» About this task
Skip all pictures, then copy the lines from the start of the data through the line with "Brooklynbridge Manhattan, New York", keeping both ends.
Start of Task data
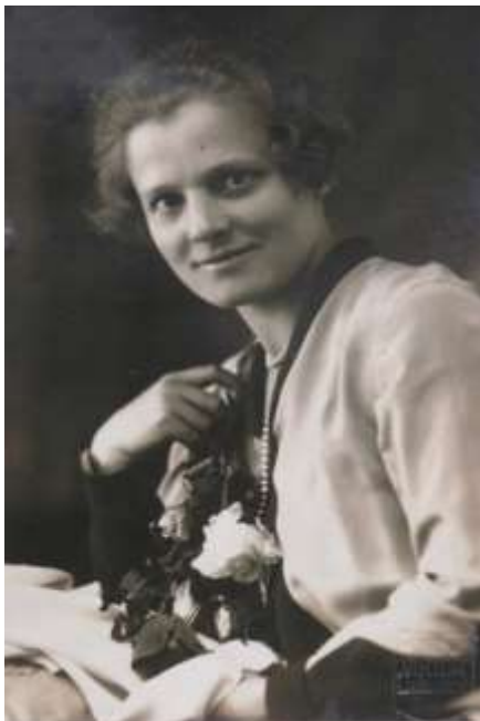
Slika 2: Križnikova najmlajša hči.

Gašperjeva hči Terezija (Rezka), poročena Erjavec, je kasneje živela v Ljubljani. Na motniškem ljudskem odru je velikokrat igrala zabavne vloge. Gotovo je njen igralski talent podedovala tudi njena hčerka Helena, poročena Medič, dramska igralka.
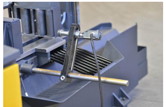
TOPE DE 500 mm.(DE SERIE)
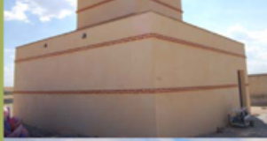
Primillar de Villaviciosa
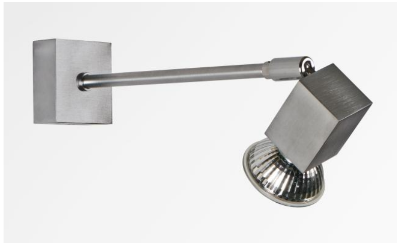
PEGASE in gesatineerd nikkel. Metaal afwerking code: 33
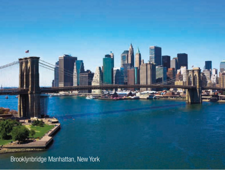
Brooklynbridge Manhattan, New York

InterGest North America was formed in 1997 to assist foreign companies in establishing and developing their North America business activities in the USA.
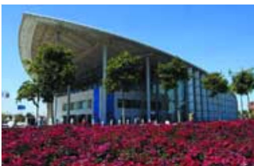
Palacio de Congresos de Valencia (imagen cedida por Turismo Valencia Convention Bureau).

Palacio de Congresos de Valencia Avenida Cortes Valencianas, 60 46015 Valencia
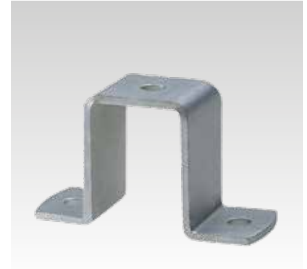
Voor profiel 40/60
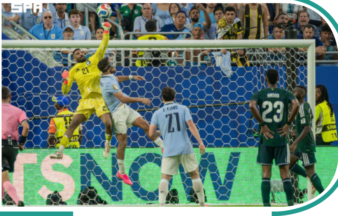
«أراخو يحرّم السعودي من انتصار تاريخي... التعادل 1-1 في ميامي».
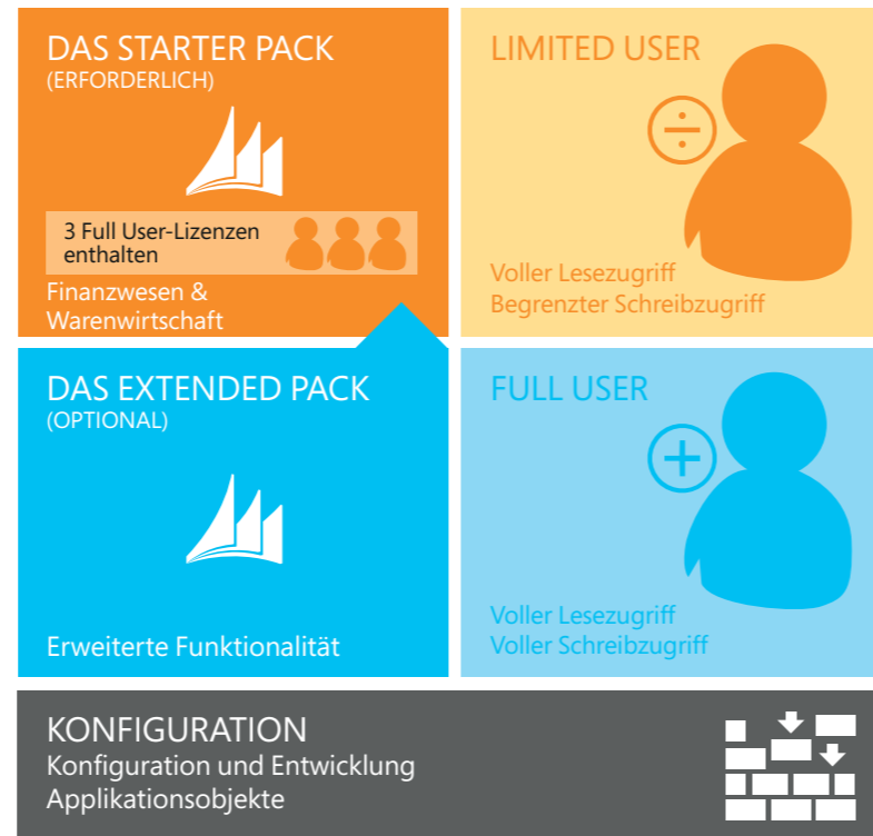
Abbildung 1: Perpetual Licensing im Überblick

Das Lizenzmodell Perpetual Licensing für Microsoft Dynamics NAV 2015 unterstützt mittelständische und kleine Unternehmen beim unmittelbaren, kostengünstigen Einstieg in die Bereiche Finanzwesen und Warenwirtschaft und ermöglicht ihnen, nach und nach weitere Bereiche einzubeziehen. Bei Perpetual Licensing lizenzieren Sie die Funktionalität der ERP-Lösung, und der Zugriff auf diese Funktionalität wird mittels Nutzerlizenzen sichergestellt.
End of Task data
» Solution for this task
Slika 2: Križnikova najmlajša hči.

Gašperjeva hči Terezija (Rezka), poročena Erjavec, je kasneje živela v Ljubljani. Na motniškem ljudskem odru je velikokrat igrala zabavne vloge. Gotovo je njen igralski talent podedovala tudi njena hčerka Helena, poročena Medič, dramska igralka.
TOPE DE 500 mm.(DE SERIE)
Primillar de Villaviciosa
PEGASE in gesatineerd nikkel. Metaal afwerking code: 33
Brooklynbridge Manhattan, New York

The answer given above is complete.